Shakib Farnaz A, Huo Pengfei
Department of Chemistry, University of Rochester , 120 Trustee Road, Rochester, New York 14627, United States.
J Phys Chem Lett. 2017 Jul 6;8(13):3073-3080. doi: 10.1021/acs.jpclett.7b01343. Epub 2017 Jun 22.
We apply a recently proposed ring polymer surface hopping (RPSH) approach to investigate the real-time nonadiabatic dynamics with explicit nuclear quantum effects. The nonadibatic electronic transitions are described through Tully's fewest-switches surface hopping algorithm and the motion of the nuclei are quantized through the ring polymer Hamiltonian in the extended phase space. Applying the RPSH method to simulate Tully's avoided crossing models, we demonstrate the critical role of the nuclear tunneling effect and zero-point energy for accurately describing the transmission and reflection probabilities with low initial momenta. In addition, in Tully's extended coupling model, we show that the ring polymer quantization effectively captures decoherence, yielding more accurate reflection probabilities. These promising results demonstrate the potential of using RPSH as an accurate and efficient method to incorporate nuclear quantum effects into nonadiabatic dynamics simulations.

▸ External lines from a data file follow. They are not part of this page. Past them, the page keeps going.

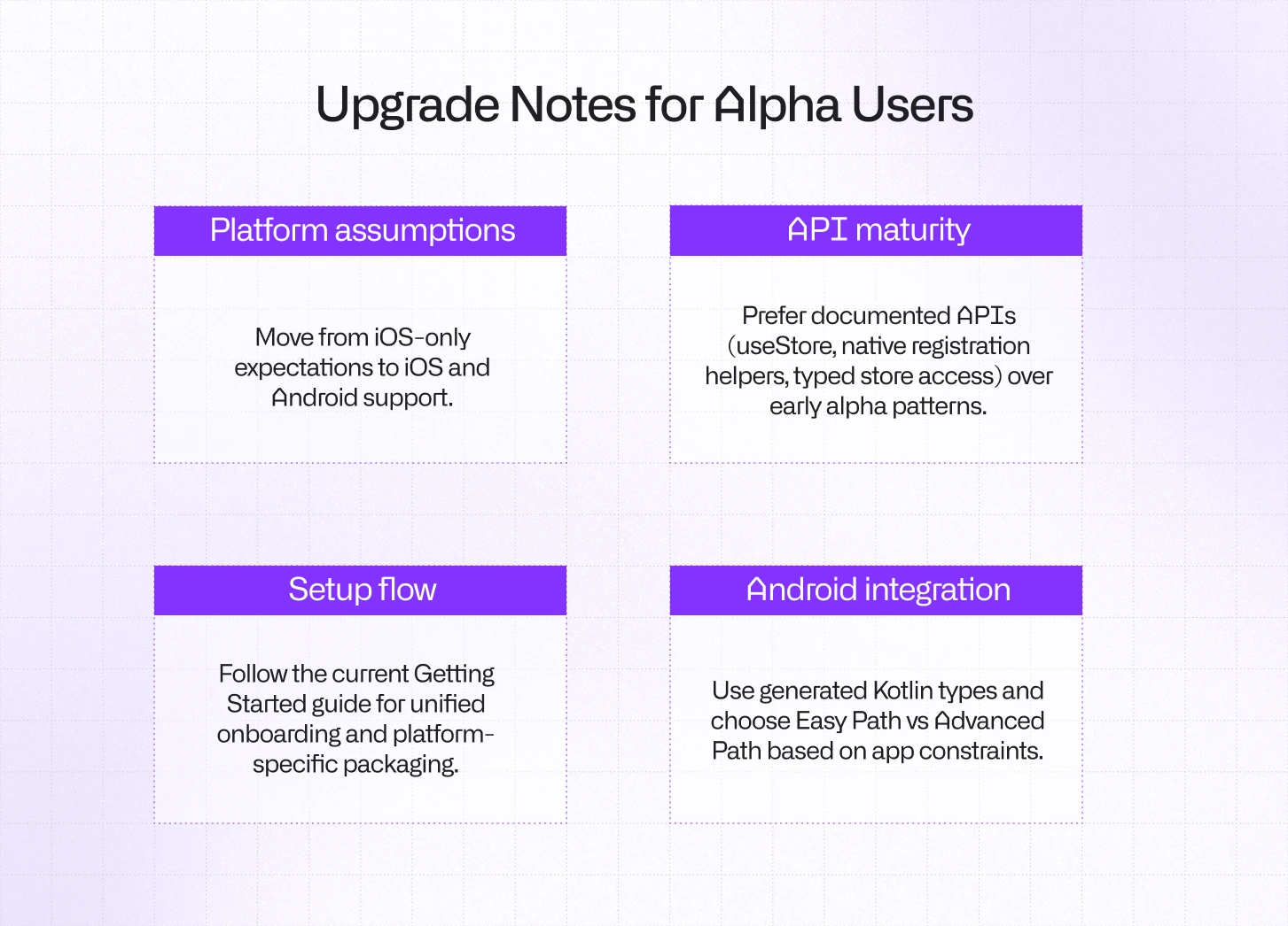 The setup flow is more cohesive now. Rather than stitching together early examples, it’s best to follow the current Getting Started guide, which reflects the unified onboarding and packaging process. The API surface has matured as well. Instead of relying on early patterns, use the documented APIs, useStore, native registration helpers, and typed store access, which are stable and consistent across platforms.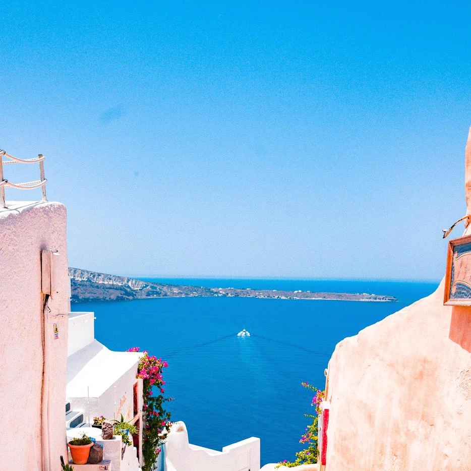 제가 몇 가지 키워드를 드릴 테니 연상되는 브랜드를 맞히시면 됩니다. 파란색과 하얀색이 어우러져 있고, 그리스 산토리니 풍경, 흰 원피스를 입은 여자가 있다면 어떤 브랜드를 연상할 수 있을까요? 그리고 혹시 어떤 노래가 떠오르시지는 않나요?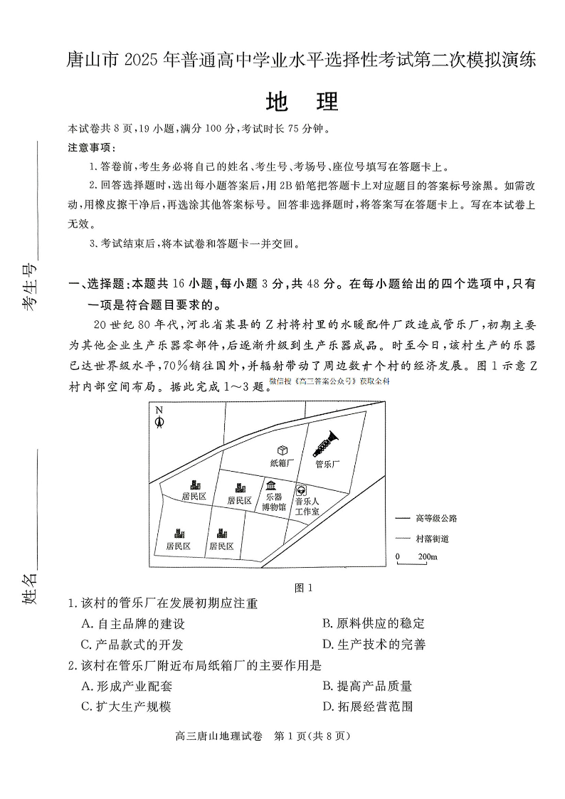 河北省唐山市2024-2025学年下学期高三二模演练地理+答案

我们应用最近提出的环聚合物表面跳跃(RPSH)方法来研究具有明确核量子效应的实时非绝热动力学。非绝热电子跃迁通过塔利的最少开关表面跳跃算法来描述,并且原子核的运动在扩展相空间中通过环聚合物哈密顿量进行量子化。将RPSH方法应用于模拟塔利的避免交叉模型,我们证明了核隧穿效应和零点能对于准确描述低初始动量下的透射和反射概率的关键作用。此外,在塔利的扩展耦合模型中,我们表明环聚合物量子化有效地捕捉了退相干,产生了更准确的反射概率。这些有前景的结果证明了使用RPSH作为一种准确且高效的方法将核量子效应纳入非绝热动力学模拟的潜力。